自分のした事と、言うべきではない話を口にしてしまった事への罪の意識に、新たな涙が頬を流れる。  
けれど、それは顎を伝い落ちる前に、悠二の優しげな指先に掬い取られた。  
「謝るのは、僕の方だよ。僕は普通のトーチじゃないけど、吉田さんの前からいなくなるのは確かだから」  
「えっ? 普通じゃない、って……?」  
それから悠二は、一美の知らなかった事柄を、整然と説明していった。  
平井ゆかりの正体。ミステスという特殊な境遇とその恩恵。それを狙う『敵』がいること。  

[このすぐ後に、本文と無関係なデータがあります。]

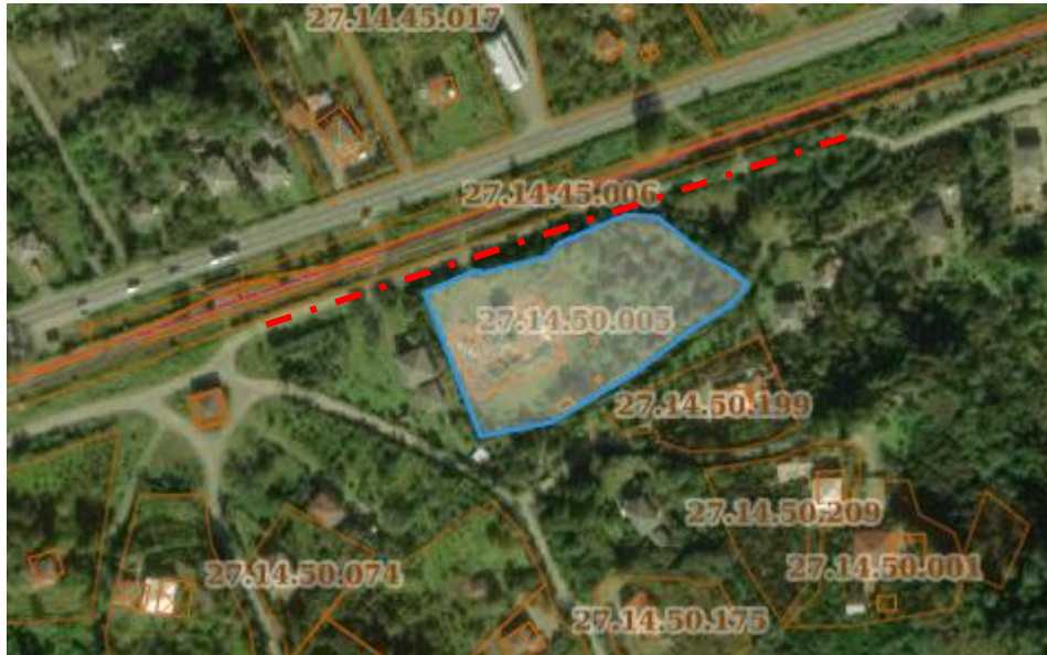
Figure 1 Location of project site and access road

既に世界の裏側の一端を知っている一美の頭は、絵空事のようなその説明も、事実として受け入れていく。  
そして、一美を含めた周りの人々をこれ以上巻き込まない為に、近々この街から姿を消すということ。  
結局のところ、一美自身にとっては、悠二が普通のトーチであった場合とあまり違いは無い。  

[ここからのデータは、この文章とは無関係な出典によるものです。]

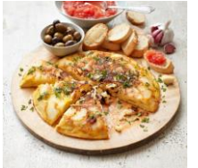
Ordering food and drink when in Spain.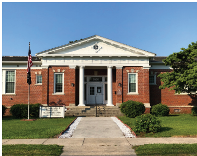
The Ashley Center

In addition to the 16 units of Bridge Housing, the Ashley Center continues to house 8 homeless Veterans and other men with disabilities in the Permanent Supportive Housing wing of the Center.

だが、悠二があの人影のように儚く消えてしまう訳ではないという事は、今の一美にとっては大きな喜びだった。  
「……だから、ごめんね。吉田さんの気持ちは嬉しいけど、僕はそれに応えてあげられないんだ」  
「ううん、いいです、そんな事……。坂井君が消えないでくれるなら、それだけで、もう……」  
二度と会えなくても、記憶が失われても、悠二が存在し続ける事が出来るのなら、それで良かった。  
正直、行かないで欲しいという思いは強い。記憶を消される事は身が切られるように辛い。  

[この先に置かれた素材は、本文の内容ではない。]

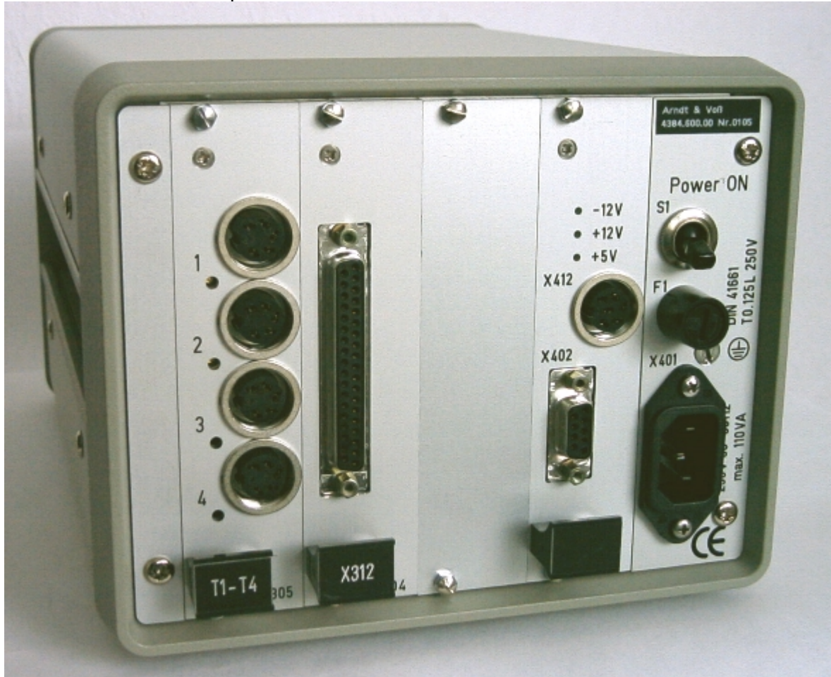
Back view 4384bck1.bmp

しかし、自分以上に辛いであろう悠二を、そんな自分の我侭で苦しめる訳にはいかない。  
「良かった……。坂井君が消えないで、本当に良かった……」  
それに、この想いを覚えておけるのは、もう自分の身体だけではない。  
例え自分が忘れても、悠二の記憶の片隅に、この想いは残して貰えるのだから。  
悠二が完全にこの世界から消滅してしまう事に比べたら、それは遥かに救いのある話だった。  
 
「こんな事までさせておいて、すごく身勝手な事を言ってると思う。でも、僕は……」  
自分の方が襲われたというのに、責任を感じているらしい悠二に、改めて愛しさが込み上げた。  
やっぱり、優しい。すごく、優しい。  
初めて好きになったのが、初めてを捧げたのがこの人で、本当に良かったと思う。  
「身勝手なのは、私の方です。坂井君が気にすることなんて、全然ないです」  
「でも、僕は吉田さんに、何も返してあげられない……」  
「そんな事、ないです……」  
「え……?」  
済まなそうに目を伏せる悠二に向けて、そっと囁き掛けた。  
帯を解き、乱れた浴衣を脱ぎ捨てて、悠二に両手を差し伸べる。  
ありのままの自分の姿を、彼の記憶に留めておいてもらうために。  
「覚えていて……、ください。坂井君の事を、こんなに好きな子が、ここにいるってことを……」  
「吉田さん……」  
自分の想いの全てを、彼の胸に委ねるように。  
今の自分に出来る限りの、精一杯の笑顔を浮かべて、せめてもの願いを訴える。  
「それで、たまにでもいいから、私の事を思い出してください。それで、それだけで、充分です……」  
「……忘れないよ。忘れられるわけがないじゃないか、絶対に……!」  
悠二の腕が背中に廻り、息が詰まるほどに、強く、強く、抱き締められる。  
その抱擁に、紛れも無い自分に対する好意の念が、温かな体温と共に伝わってくる。  
そっと閉じた瞼の端から、今度は喜びの涙が溢れ落ちる。  
いずれこの温もりを忘れてしまうとしても、一美は今、確実に幸せだった。